Cloudera Manager or similar access to configure Spark cluster properties.
Access permissions to upload jar files to HDFS and edit Spark configuration files, such as spark-defaults.conf.
Cloudera Manager or similar administrative access to configure Spark cluster properties.

Additional prerequisites for Kerberos-secured environments only

Kerberos-secured Spark clusters require additional client-side setup to enable secure HDFS access.

Windows Requirements (Cloudera Octopai Client)

A Windows host for running the Cloudera Octopai Client service. This host acts as the control plane for lineage ingestion.
MIT Kerberos for Windows installed, version 4.1 or later. This provides Windows-side Kerberos tooling and ticket validation.
A Kerberos configuration file (krb5.ini) provided by the customer. This file defines realms, KDCs, and domain mappings.
A Spark service principal keytab stored securely on the Windows host. This keytab is used to authenticate non-interactively against the Kerberos KDC.
Network access from the Windows host to the following:
- Port 88 (TCP and UDP) for Kerberos KDC access.
- Port 749 (TCP) for Kerberos Admin Server access.
- The WebHDFS endpoint on the configured port (for example, port 20101).

Linux Requirements (WSL Ubuntu)

A Linux environment is mandatory for Kerberos-secured Spark clusters.
WSL enabled, with Ubuntu installed. This Linux environment runs alongside Windows and is used exclusively for authentication and token handling.
Kerberos utilities installed inside Ubuntu, including:
- krb5-user
- curl
- jq
A Linux Kerberos configuration file located at /etc/krb5.conf. This file is copied from the krb5.ini file on Windows to ensure consistent realm configuration.
Ability to run Kerberos commands such as kinit and klist inside the Linux environment. These commands are used to authenticate, validate tickets, and troubleshoot authentication issues.
Linux is required because Hadoop WebHDFS delegation tokens cannot be generated using Windows-native tooling. The Linux Kerberos and Hadoop security stack is required to securely acquire and manage these tokens.

What is Supported

Lineage based on the Spline agent: Lineage capture is based on what Spline is capable of parsing from Spark SQL execution plans.
Running jobs only: Only currently running or newly executed jobs are captured for lineage.
Persistent actions only: Actions that involve reading from or writing to persistent storage (such as tables or files) are captured.
Cluster configuration: Spark cluster must be configured to include Spline-specific properties in spark-defaults.conf.

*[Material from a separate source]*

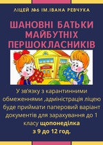 У зв’язку з карантинними обмеженнями ,адміністрація ліцею просить приносити паперовий варіант документів для зарахування до 1 класу щопонеділка з 9 до 12 год.

Explicit Application Name: For job names to appear, jobs must define the application name explicitly:

spark = SparkSession.builder \
                        .appName("Spark UDF Example") \
                        .getOrCreate()

Deployment inside Customer Environment: Spark clusters must be deployed and managed by the customer.
Authentication modes: Non-secured Spark clusters, using standard HDFS authentication, are supported without additional setup. Kerberos-secured Spark clusters are supported using WebHDFS delegation tokens acquired by the Cloudera Octopai Client through Linux running on WSL.

Limitations

Lineage for Successfully Completed Jobs Only: Lineage is captured only for Spark jobs that complete successfully.
Persistent Storage Only: Only persistent read/write actions to tables or file systems are captured. In-memory DataFrame operations that are not written to storage are not captured.
Explicit Job Naming Required: If no job name is explicitly set in the Spark code, the lineage record will not include a meaningful job name.
Kerberos Authentication Scope:
- Kerberos authentication is supported through delegation tokens.
- Direct Kerberos authentication inside Spark executors is not supported.
- Keytabs and Kerberos credentials are not deployed into Spark containers.
Limited Parsing Scope: Only operations that Spline supports and can parse from the Spark SQL execution plan are included in lineage.
Streaming Jobs Not Supported: Spark Structured Streaming (e.g., Kafka read/write) is not captured.
Partial Code Execution: Only the parts of the code that are executed (e.g., code within true condition branches) will produce lineage.
UDFs: User-Defined Functions (UDFs) are not parsed. Their usage appears in the plan, but the internal logic is not captured.

Important Usage Note

Clone the Cloudera Octopai Customized Spline Agent

Clone the repository from the Cloudera Octopai customized branch:

git clone https://github.com/OCTOPAILTD/spline-spark-agent.git
                        cd spline-spark-agent
                        git checkout OCT-27187_Enable_writing_to_files

Build the Spline Agent Bundle
Choose the relevant folder according to your Spark version and navigate to it. The jar is shipped with the Cloudera Octopai Agent and the user needs to upload the correct jar according to its spark version.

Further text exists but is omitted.